- [DIRECTIONS FOR THIS TASK]:
For the listing below, the answer is an exact retyping of the lines from the one with "- Contains 48" through the one with "菱形格紋羽絨服,向表面添加更", both included, without pictures.

- [SOURCE INFORMATION]:

:::

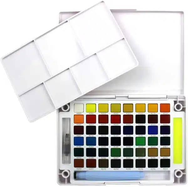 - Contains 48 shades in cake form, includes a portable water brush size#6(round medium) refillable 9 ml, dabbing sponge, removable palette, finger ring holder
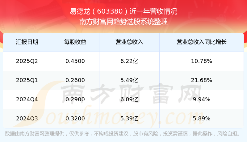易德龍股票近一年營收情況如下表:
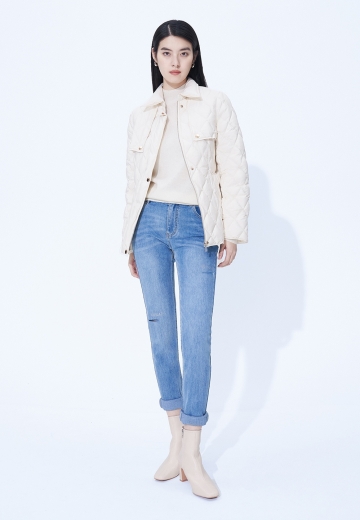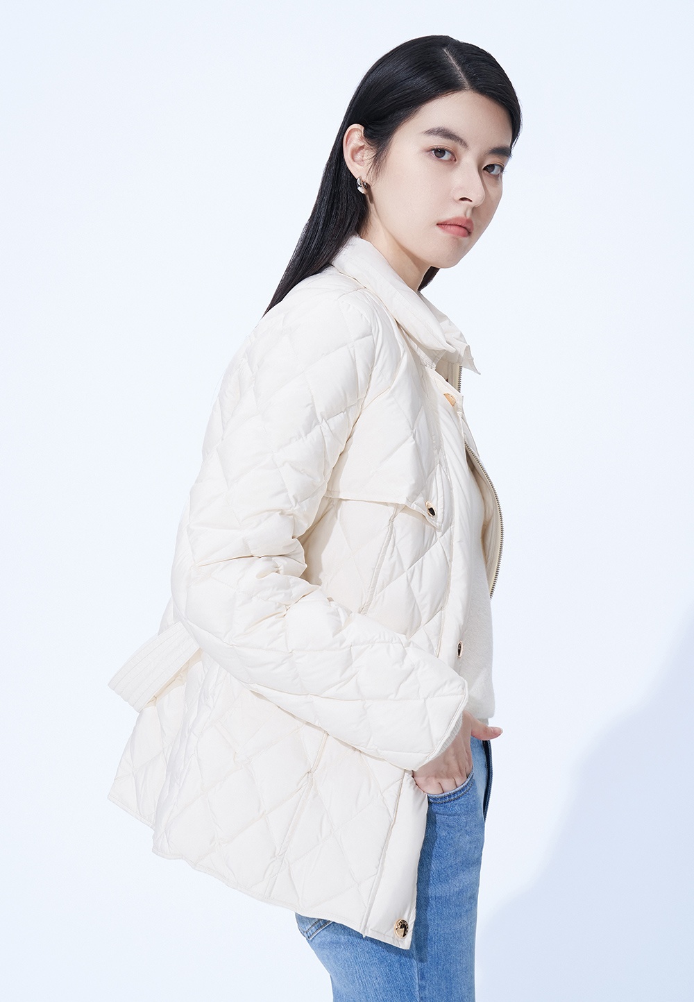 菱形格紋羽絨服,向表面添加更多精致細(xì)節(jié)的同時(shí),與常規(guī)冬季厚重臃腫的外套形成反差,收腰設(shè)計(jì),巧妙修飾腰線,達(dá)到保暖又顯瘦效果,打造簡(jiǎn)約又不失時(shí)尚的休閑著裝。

:::

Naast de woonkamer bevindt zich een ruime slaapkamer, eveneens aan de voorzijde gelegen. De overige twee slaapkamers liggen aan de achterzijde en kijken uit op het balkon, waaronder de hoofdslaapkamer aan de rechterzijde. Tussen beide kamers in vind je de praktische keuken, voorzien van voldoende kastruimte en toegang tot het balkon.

:::

- [WRITTEN RESPONSE]:
 - Contains 48 shades in cake form, includes a portable water brush size#6(round medium) refillable 9 ml, dabbing sponge, removable palette, finger ring holder
易德龍股票近一年營收情況如下表:
 菱形格紋羽絨服,向表面添加更多精致細(xì)節(jié)的同時(shí),與常規(guī)冬季厚重臃腫的外套形成反差,收腰設(shè)計(jì),巧妙修飾腰線,達(dá)到保暖又顯瘦效果,打造簡(jiǎn)約又不失時(shí)尚的休閑著裝。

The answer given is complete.